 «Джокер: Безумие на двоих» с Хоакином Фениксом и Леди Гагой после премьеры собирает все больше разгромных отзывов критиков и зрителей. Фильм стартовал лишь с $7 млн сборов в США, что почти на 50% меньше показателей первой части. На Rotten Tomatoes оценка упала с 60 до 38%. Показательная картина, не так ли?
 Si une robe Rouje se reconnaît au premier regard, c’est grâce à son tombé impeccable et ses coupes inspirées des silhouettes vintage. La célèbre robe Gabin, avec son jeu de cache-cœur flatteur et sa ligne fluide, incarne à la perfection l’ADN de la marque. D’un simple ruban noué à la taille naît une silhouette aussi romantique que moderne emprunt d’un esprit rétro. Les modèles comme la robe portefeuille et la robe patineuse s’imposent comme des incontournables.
...
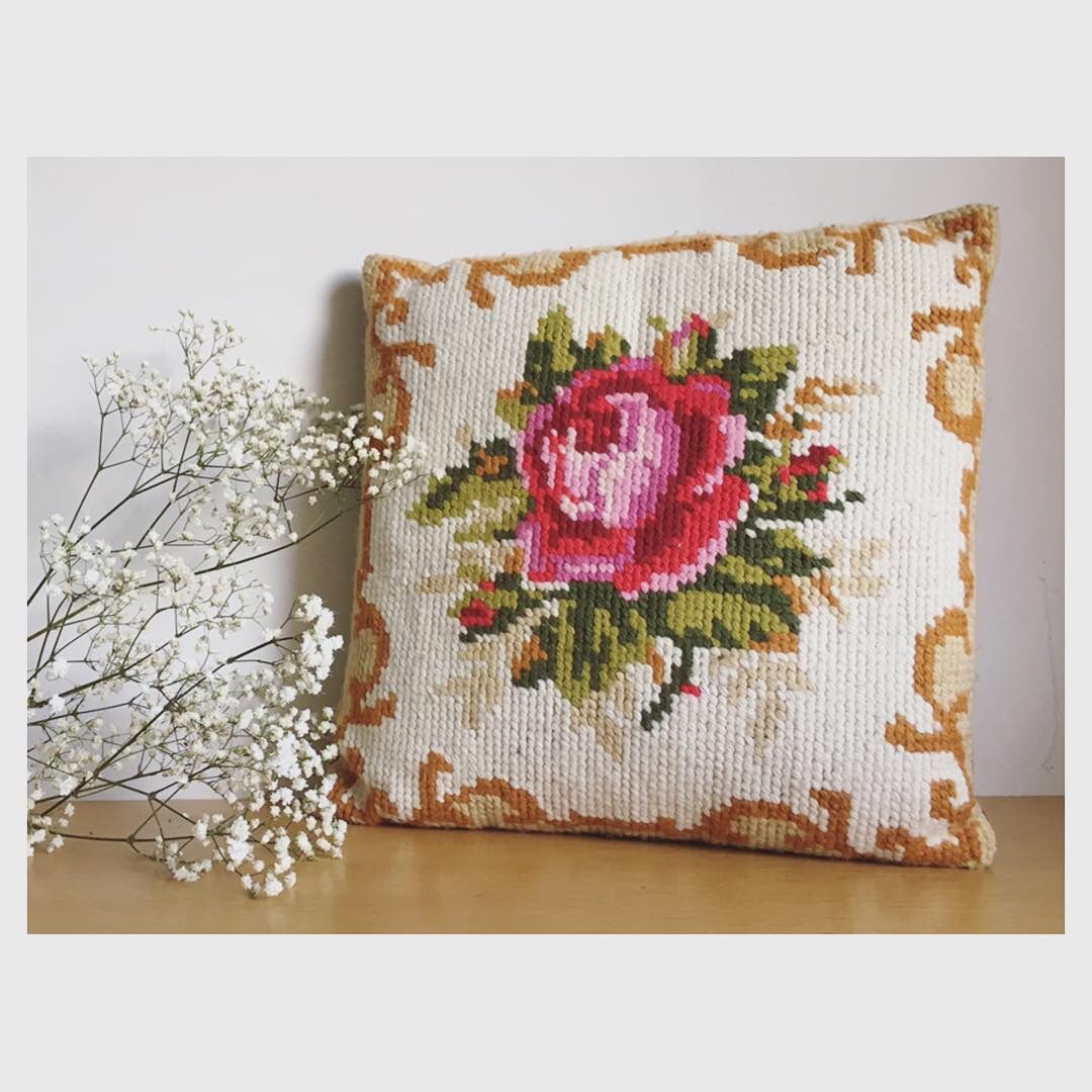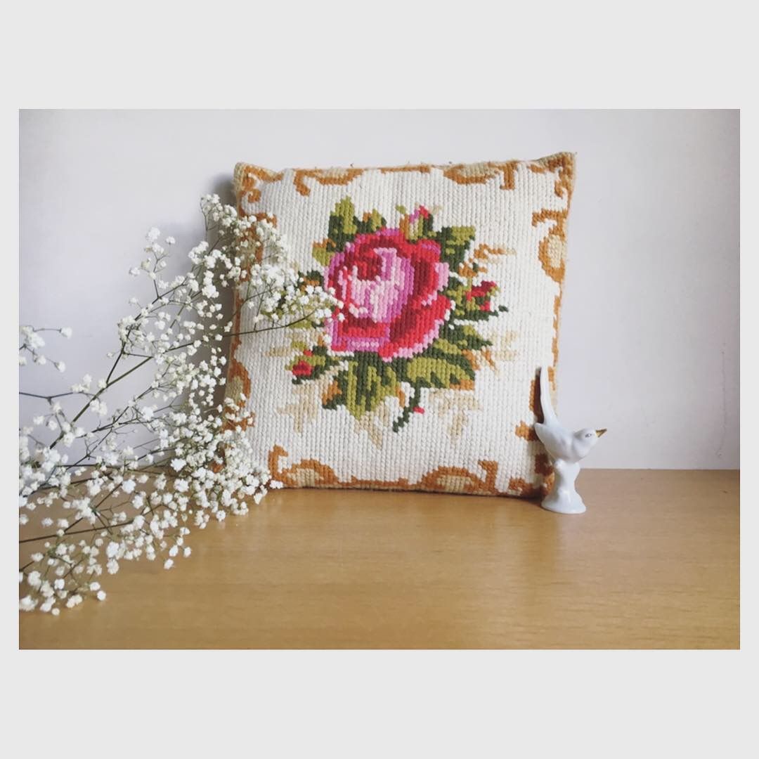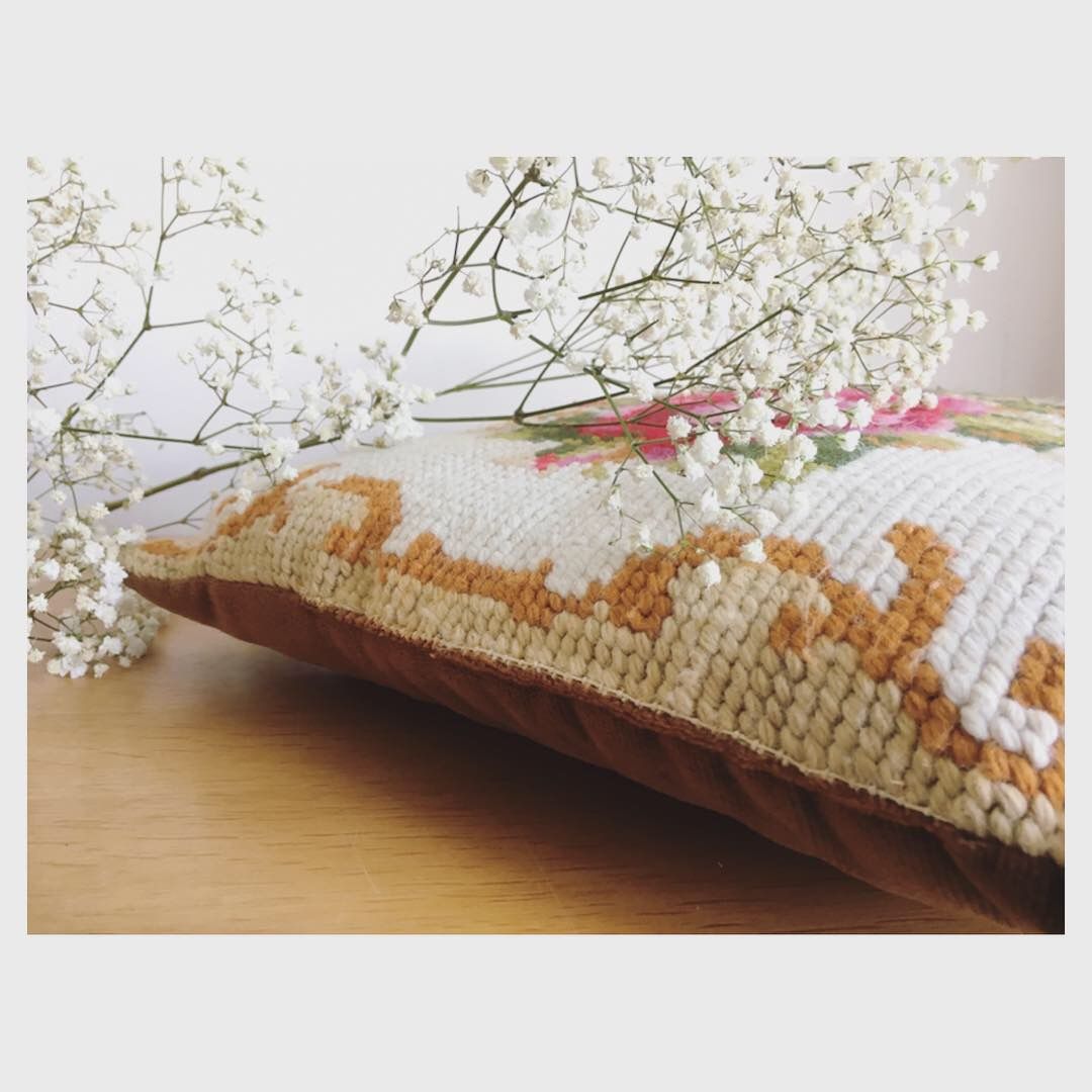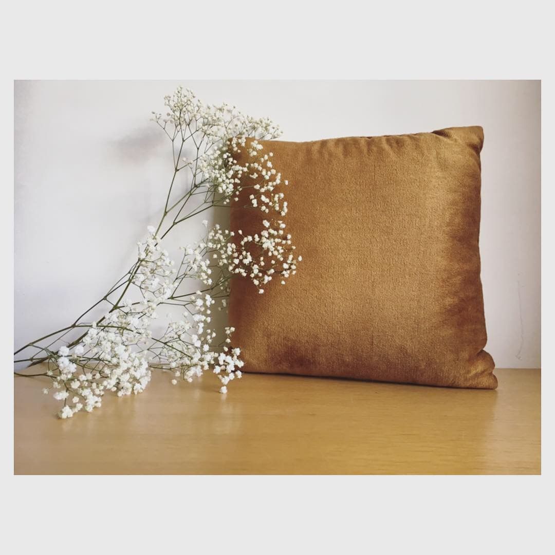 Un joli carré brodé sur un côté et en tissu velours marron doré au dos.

- [Task details]:
Retype only the lines above between the line with "картина, не так ли?" and the line with "Si une robe", counting those two lines as well, and keep every character as it is.

- [Response to the exercise]:
 «Джокер: Безумие на двоих» с Хоакином Фениксом и Леди Гагой после премьеры собирает все больше разгромных отзывов критиков и зрителей. Фильм стартовал лишь с $7 млн сборов в США, что почти на 50% меньше показателей первой части. На Rotten Tomatoes оценка упала с 60 до 38%. Показательная картина, не так ли?
 Si une robe Rouje se reconnaît au premier regard, c’est grâce à son tombé impeccable et ses coupes inspirées des silhouettes vintage. La célèbre robe Gabin, avec son jeu de cache-cœur flatteur et sa ligne fluide, incarne à la perfection l’ADN de la marque. D’un simple ruban noué à la taille naît une silhouette aussi romantique que moderne emprunt d’un esprit rétro. Les modèles comme la robe portefeuille et la robe patineuse s’imposent comme des incontournables.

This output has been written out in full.